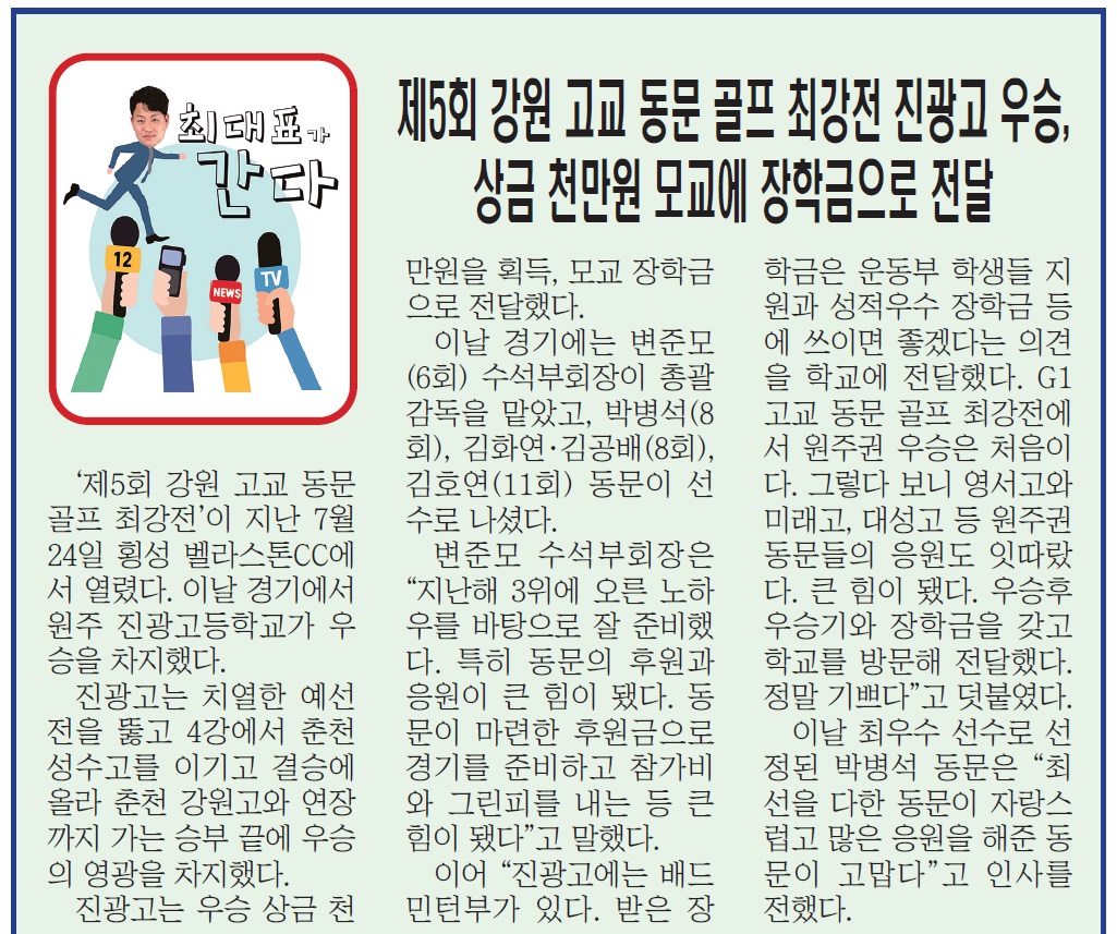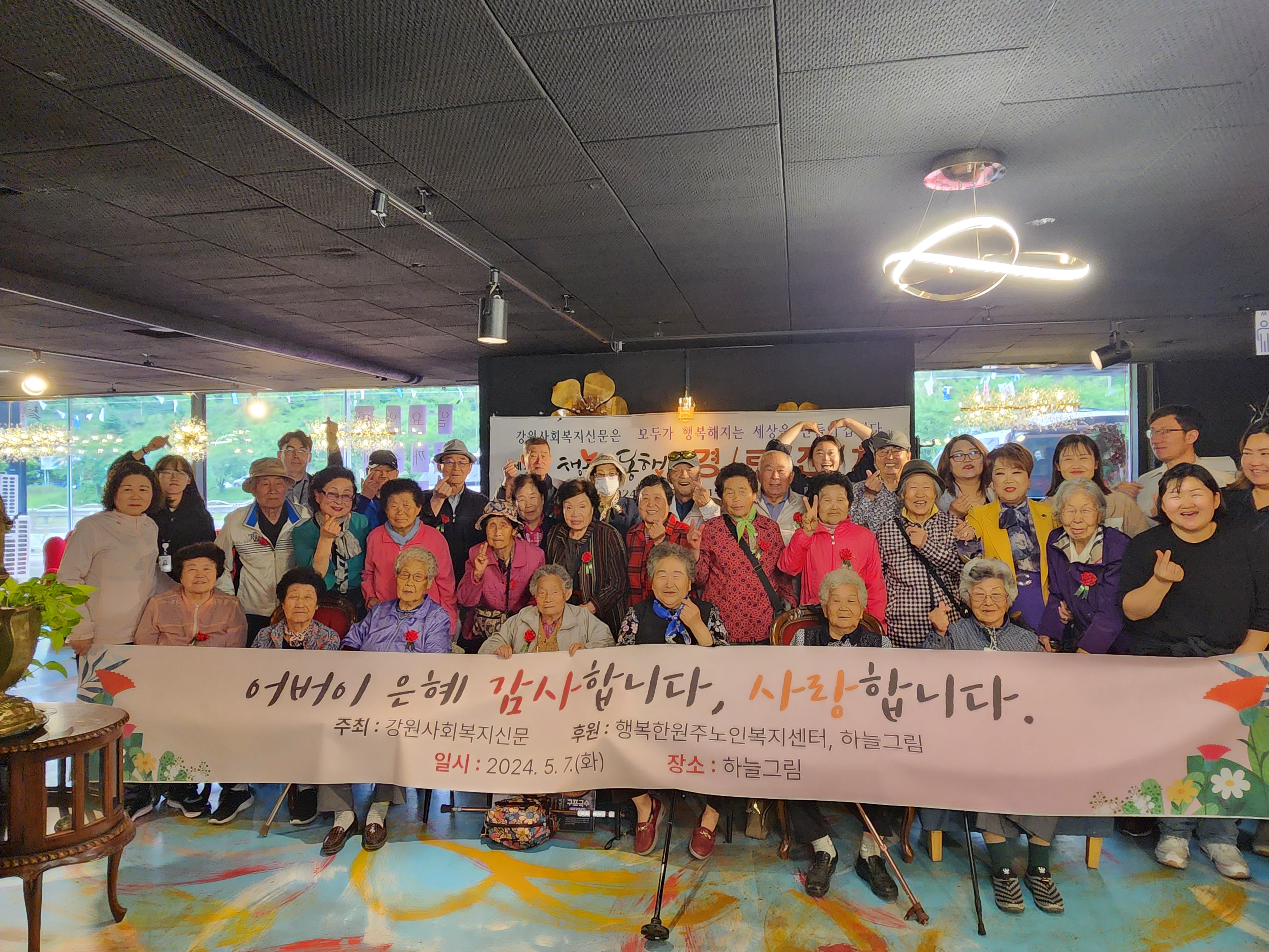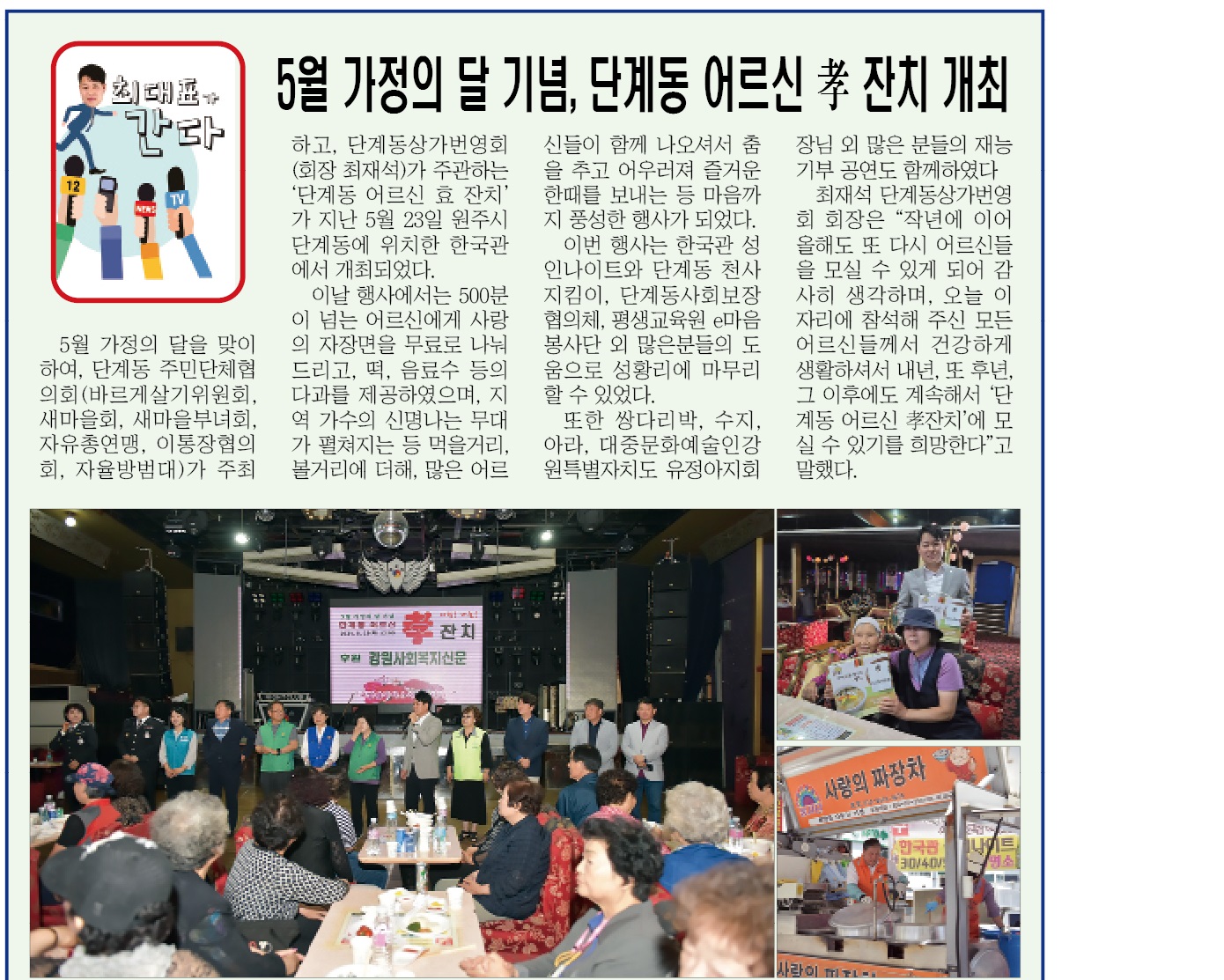 강원사회복지신문(대표 최재석)은 5월 가정의 달을 맞아 지난 5월 7일(화) 하늘그림 카페&뷔페에서 ‘강원사회복지신문은 모두가 행복해지는 세상을 만들어 갑니다’라는 슬로건 아래 ‘제12회 행복한 동행 경로잔치’를 개최하였다. 이날 행사에는 원주시사회복지협의회 박만호 회장, 하늘그림 뷔페 고순임 대표, 강원사...
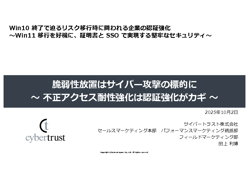 11:05~11:45 Win10終了で迫るリスク、移行時に問われる企業の認証強化〜Win11移行を好機に、証明書とSSOで実現する堅牢なセキュリティ〜
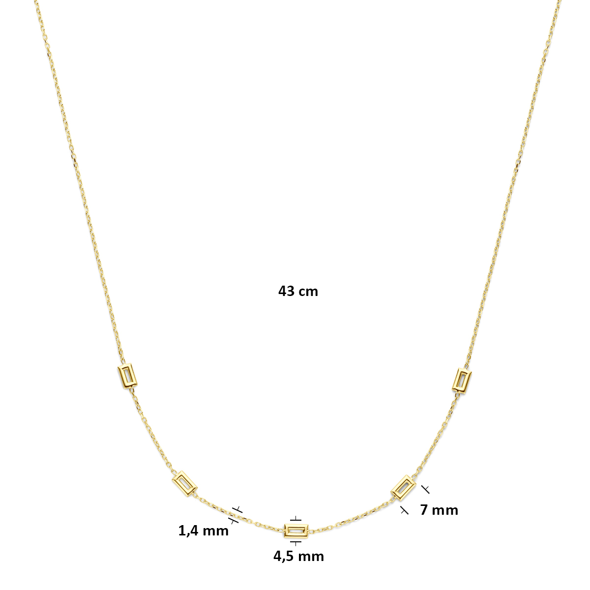 14k Geelgouden collier met een draaglengte van 43cm en een schakelbreedte van 1.4mm. Uitgevoerd met karabijnsluiting.
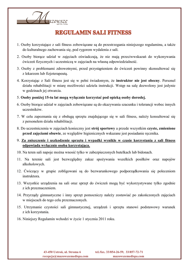 1. Osoby korzystające z sali fitness zobowiązane są do przestrzegania niniejszego regulaminu, a także do kulturalnego zachowania się, pod rygorem wydalenia z sali. 2. Osoby biorące udział w zajęciach oświadczają, że nie mają przeciwwskazań do wykonywania ćwiczeń fizycznych i uczestniczą w zajęciach na własną odpowiedzialność. 3. Osoby z problemami zdrowotnymi, przed przystąpieniem do ćwiczeń powinny skonsultować się z lekarzem lub fizjoterapeutą. 4. Korzystając z Sali fitness jest się w pełni świadomym, że instruktor nie jest obecny. Personel działu rehabilitacji w miarę możliwości udziela instrukcji. Wstęp na salę dozwolony jest jedynie w godzinach jej otwarcia. 5. Osoby poniżej 15-tu lat mogą wyłącznie korzystać pod opieką osoby dorosłej. 6. Osoby biorące udział w zajęciach zobowiązane są do okazywania szacunku i tolerancji wobec innych uczestników. 7. W celu zapoznania się z obsługą sprzętu znajdującego się w sali fitness, należy konsultować się z personelem działu rehabilitacji. 8. Do uczestniczenia w zajęciach konieczny jest strój sportowy a przede wszystkim czyste, zmienione przed zajęciami obuwie, ze względów higienicznych wskazane jest posiadanie ręcznika. 9. Za zniszczenie i uszkodzenie sprzętu i wypadki wynikłe w czasie korzystania z sali fitness odpowiada wyłącznie osoba korzystająca. 10. Na teren sali napoje można wnosić tylko w zabezpieczonych butelkach lub bidonach. 11. Na terenie sali jest bezwzględny zakaz spożywania wszelkich posiłków oraz napojów alkoholowych. 12. Ćwiczący w grupie zobligowani są do bezwarunkowego podporządkowania się poleceniom instruktora. 13. Wszystkie urządzenia na sali oraz sprzęt do ćwiczeń mogą być wykorzystywane tylko zgodnie z ich przeznaczeniem. 14. Przyrządy gimnastyczne i inny sprzęt pomocniczy należy zostawiać po zakończonych zajęciach w miejscach do tego celu przeznaczonych. 15. Utrzymanie czystości sali gimnastycznej, urządzeń i sprzętu stanowi podstawowy warunek z ich korzystania. 16. Niniejszy Regulamin wchodzi w życie 1 stycznia 2011 roku. 43-450 Ustroń, ul. Stroma 6 [email protected] tel./fax. 33/854-26-59, 33/857-72-71 mazowszemedispa.com
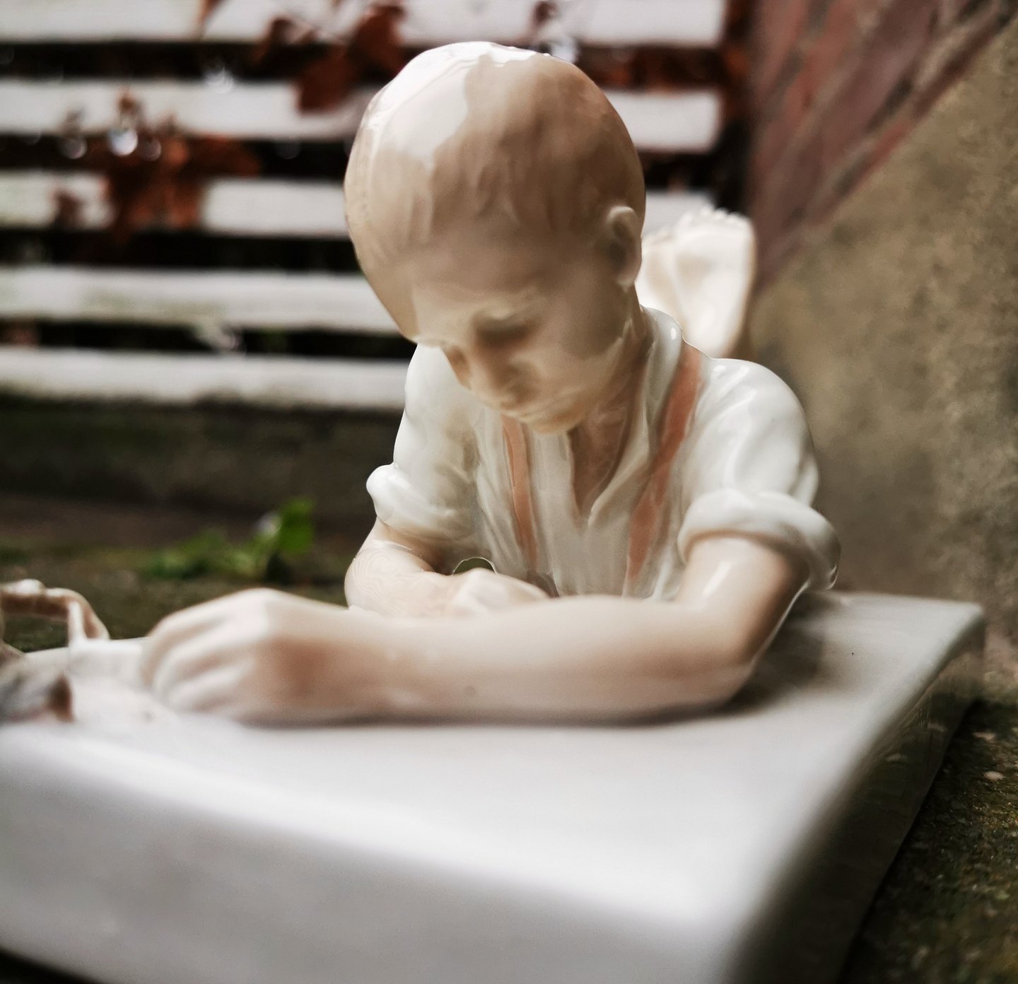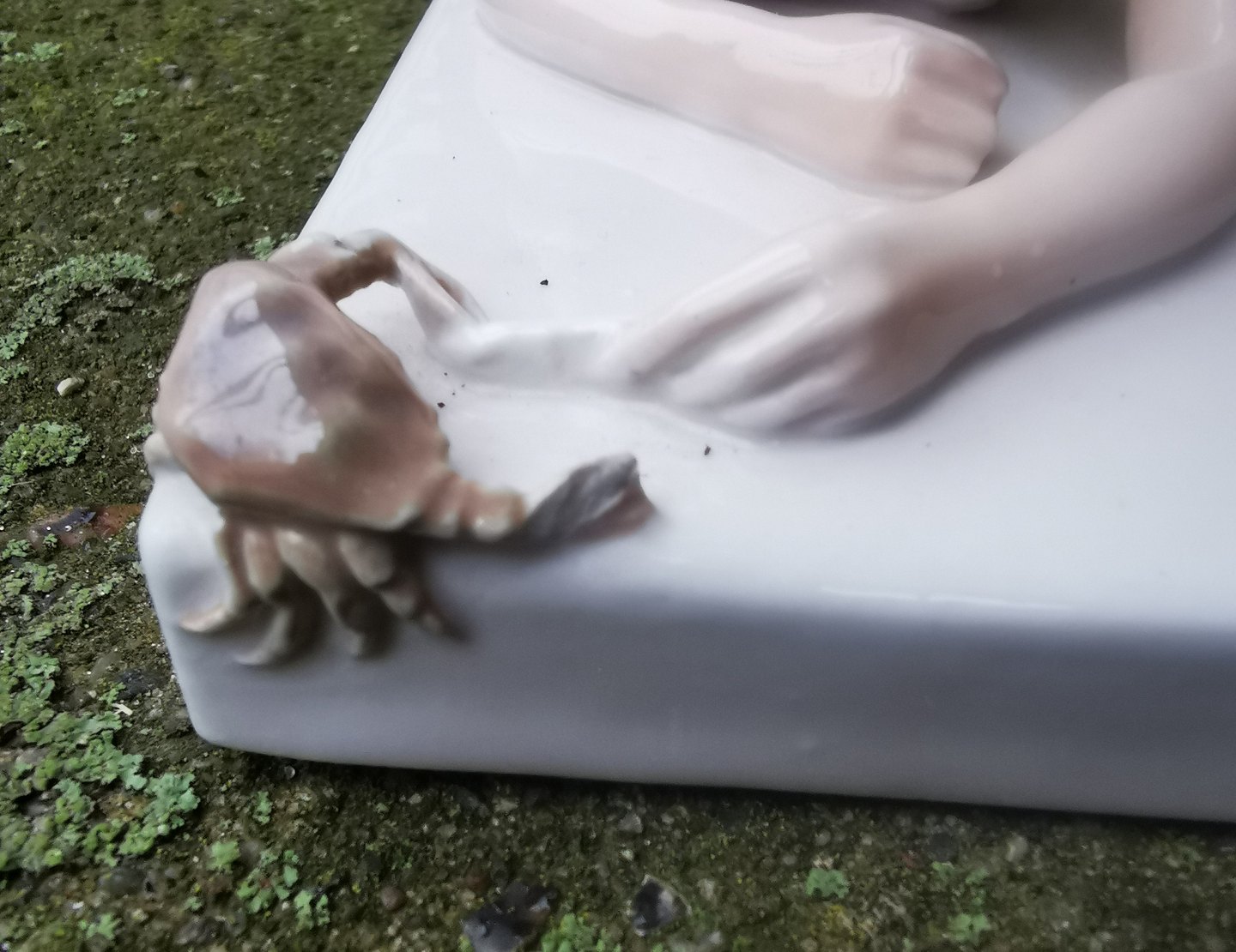 Brevpresser eller brevvægt i porcelæn fra Bing & Grøndahl. Dreng leger med krabbe. Produceret 1914-1915. Fremstår med lille skade. Skår på krabbens højre klo. Ellers i god stand. 1. sortering. Modelnummer 1836. Stemplet bl.a. COPENHAGEN samt B&G i blåt. Mål: 9½ cm høj. Basen måler 8 x 18½ cm.

+===+

[WORK TO BE COMPLETED]: Without the pictures, give back the entries exactly.

[EXERCISE RESULT]:
 강원사회복지신문(대표 최재석)은 5월 가정의 달을 맞아 지난 5월 7일(화) 하늘그림 카페&뷔페에서 ‘강원사회복지신문은 모두가 행복해지는 세상을 만들어 갑니다’라는 슬로건 아래 ‘제12회 행복한 동행 경로잔치’를 개최하였다. 이날 행사에는 원주시사회복지협의회 박만호 회장, 하늘그림 뷔페 고순임 대표, 강원사...
 11:05~11:45 Win10終了で迫るリスク、移行時に問われる企業の認証強化〜Win11移行を好機に、証明書とSSOで実現する堅牢なセキュリティ〜
 14k Geelgouden collier met een draaglengte van 43cm en een schakelbreedte van 1.4mm. Uitgevoerd met karabijnsluiting.
 1. Osoby korzystające z sali fitness zobowiązane są do przestrzegania niniejszego regulaminu, a także do kulturalnego zachowania się, pod rygorem wydalenia z sali. 2. Osoby biorące udział w zajęciach oświadczają, że nie mają przeciwwskazań do wykonywania ćwiczeń fizycznych i uczestniczą w zajęciach na własną odpowiedzialność. 3. Osoby z problemami zdrowotnymi, przed przystąpieniem do ćwiczeń powinny skonsultować się z lekarzem lub fizjoterapeutą. 4. Korzystając z Sali fitness jest się w pełni świadomym, że instruktor nie jest obecny. Personel działu rehabilitacji w miarę możliwości udziela instrukcji. Wstęp na salę dozwolony jest jedynie w godzinach jej otwarcia. 5. Osoby poniżej 15-tu lat mogą wyłącznie korzystać pod opieką osoby dorosłej. 6. Osoby biorące udział w zajęciach zobowiązane są do okazywania szacunku i tolerancji wobec innych uczestników. 7. W celu zapoznania się z obsługą sprzętu znajdującego się w sali fitness, należy konsultować się z personelem działu rehabilitacji. 8. Do uczestniczenia w zajęciach konieczny jest strój sportowy a przede wszystkim czyste, zmienione przed zajęciami obuwie, ze względów higienicznych wskazane jest posiadanie ręcznika. 9. Za zniszczenie i uszkodzenie sprzętu i wypadki wynikłe w czasie korzystania z sali fitness odpowiada wyłącznie osoba korzystająca. 10. Na teren sali napoje można wnosić tylko w zabezpieczonych butelkach lub bidonach. 11. Na terenie sali jest bezwzględny zakaz spożywania wszelkich posiłków oraz napojów alkoholowych. 12. Ćwiczący w grupie zobligowani są do bezwarunkowego podporządkowania się poleceniom instruktora. 13. Wszystkie urządzenia na sali oraz sprzęt do ćwiczeń mogą być wykorzystywane tylko zgodnie z ich przeznaczeniem. 14. Przyrządy gimnastyczne i inny sprzęt pomocniczy należy zostawiać po zakończonych zajęciach w miejscach do tego celu przeznaczonych. 15. Utrzymanie czystości sali gimnastycznej, urządzeń i sprzętu stanowi podstawowy warunek z ich korzystania. 16. Niniejszy Regulamin wchodzi w życie 1 stycznia 2011 roku. 43-450 Ustroń, ul. Stroma 6 [email protected] tel./fax. 33/854-26-59, 33/857-72-71 mazowszemedispa.com
 Brevpresser eller brevvægt i porcelæn fra Bing & Grøndahl. Dreng leger med krabbe. Produceret 1914-1915. Fremstår med lille skade. Skår på krabbens højre klo. Ellers i god stand. 1. sortering. Modelnummer 1836. Stemplet bl.a. COPENHAGEN samt B&G i blåt. Mål: 9½ cm høj. Basen måler 8 x 18½ cm.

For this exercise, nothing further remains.